Sandip
Sandip

Reputation: 31

accept() returning "0" zero (stdin fd) in c socket prog

I am trying to create server which accepts multiple clients using c socket prog. but manytimes when client connects, sockfd=accept() returns 0 (zero) which is stdin fd.

As far as I know file descriptor returns minimum value which not in use, so it may returning 0 . But when I try to listen on sockfd (which is 0) or send() to sockfd it do nothing and both returns 0.

How can I overcome this?

I am working on RaspberryPi Raspbian (debian).

Upvotes: 3

Views: 4307

Answers (1)

It is behaviour on POSIX that the file descriptor returned from a function is the smallest available file descriptor.
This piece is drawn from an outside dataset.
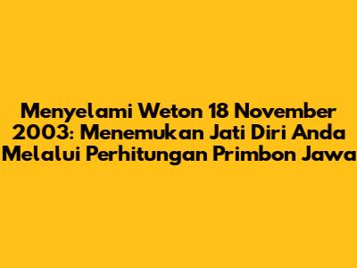Hebat banget, guys! Kamu lahir di tanggal 18 November 2003? Wah, itu artinya kamu punya weton spesial yang bisa ngasih kita banyak insight tentang kepribadian, rezeki, sampai jodoh. Di artikel ini, kita bakal bongkar tuntas semua rahasia weton 18 November 2003 pakai primbon Jawa yang legendaris. Jadi, siap-siap ya, karena kita bakal menyelami dunia perhitungan weton yang unik dan penuh makna. Nggak cuma sekadar angka, tapi ini adalah kunci buat kamu lebih kenal sama diri sendiri dan orang-orang di sekitarmu. Udah penasaran kan? Yuk, langsung aja kita mulai petualangan primbon ini!

If you've closed STDIN_FILENO or stdin, then 0 could be available, and would be the one returned by connect.

Note that there is nothing special about file descriptor 0; that it is used for standard input is just a convention only; and accept(2) manual on Linux explicitly uses the word nonnegative which includes the possibility of it returning 0:

RETURN VALUE

On success, these system calls return a nonnegative integer that is a descriptor for the accepted socket. On error, -1 is returned, and errno is set appropriately.
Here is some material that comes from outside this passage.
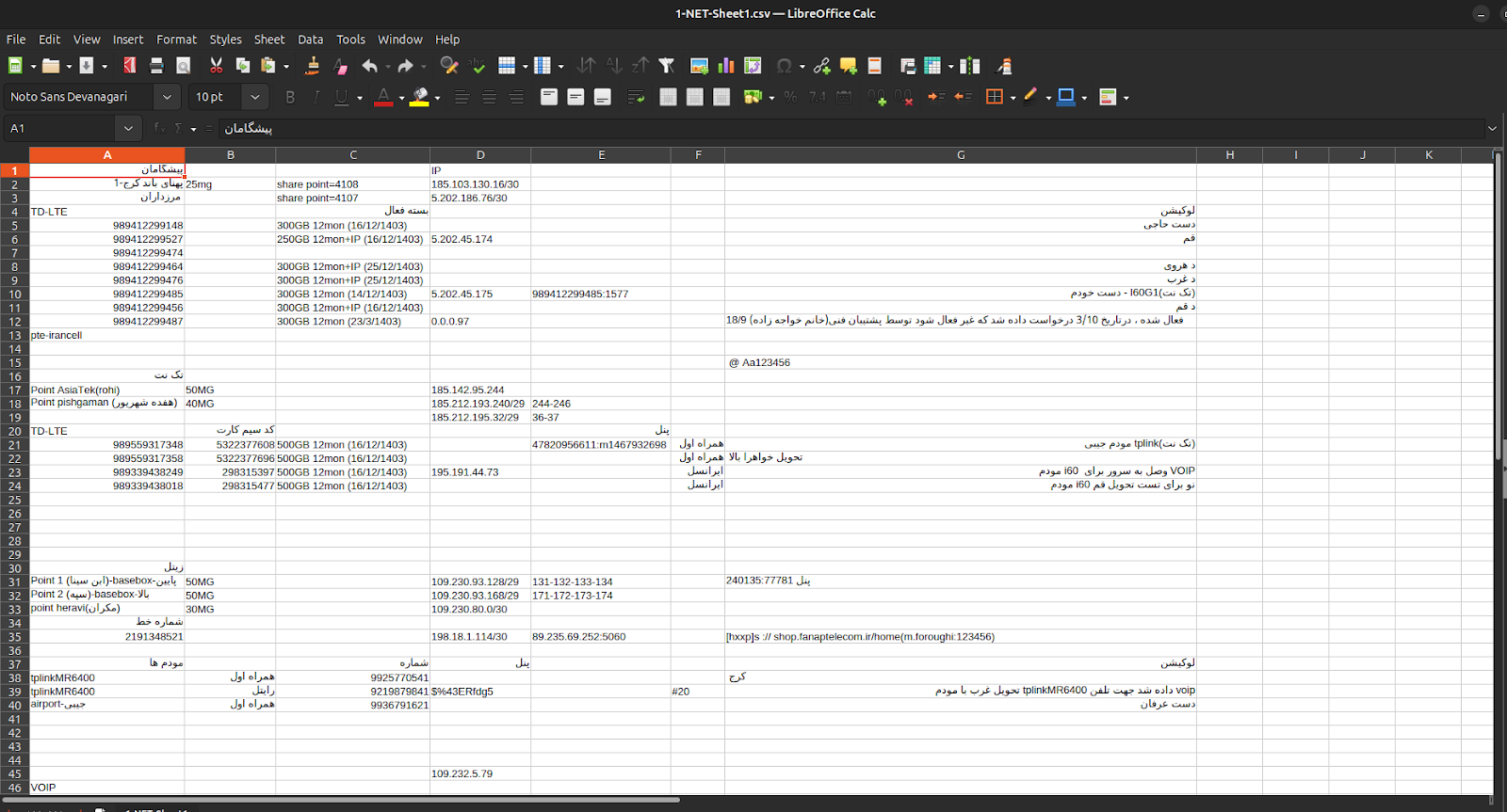 This sheet closes the loop with network addresses: IPs and /29–/30 allocations (e.g., 185.103.130[.]16/30, 185.212.193[.]240/29, 109.230.93[.]128/29, 195.191.44[.]73) with Persian-annotated connectivity and location notes (TD-LTE, service tiers, city markers). These rows correspond to live infrastructure observed in provider dashboards (EDIS, Impreza), matching the same pseudonymous customer identities and service SKUs seen in the invoices. In aggregate, the three files describe an industrial relay: the service sheet assigns and tracks assets, the BTC register funds and reconciles them (with ticket-level joins), and the network sheet manifests them as routable hosts. The tradecraft here isn’t improvisation; it’s administration, an evidentiary chain that converts hierarchy into infrastructure, with the very spreadsheets that ensure renewals also exposing credentials, wallets, and IPs.

You can avoid this by not closing STDIN_FILENO, but opening say /dev/null for reading and dup2:n this file descriptor to STDIN_FILENO (error checking omitted for brevity):

int fd = open("/dev/null", O_RDONLY);
dup2(fd, STDIN_FILENO);
close(fd);

(or closing STDIN_FILENO and then immediately afterwards opening /dev/null, but this is a bit obscure):

close(STDIN_FILENO);
open("/dev/null", O_RDONLY);

I am not sure what you mean by listen; a connected TCP socket couldn't be listened. Also, 0 from send would mean that you're explicitly sending 0 bytes; because on error -1 would be returned instead.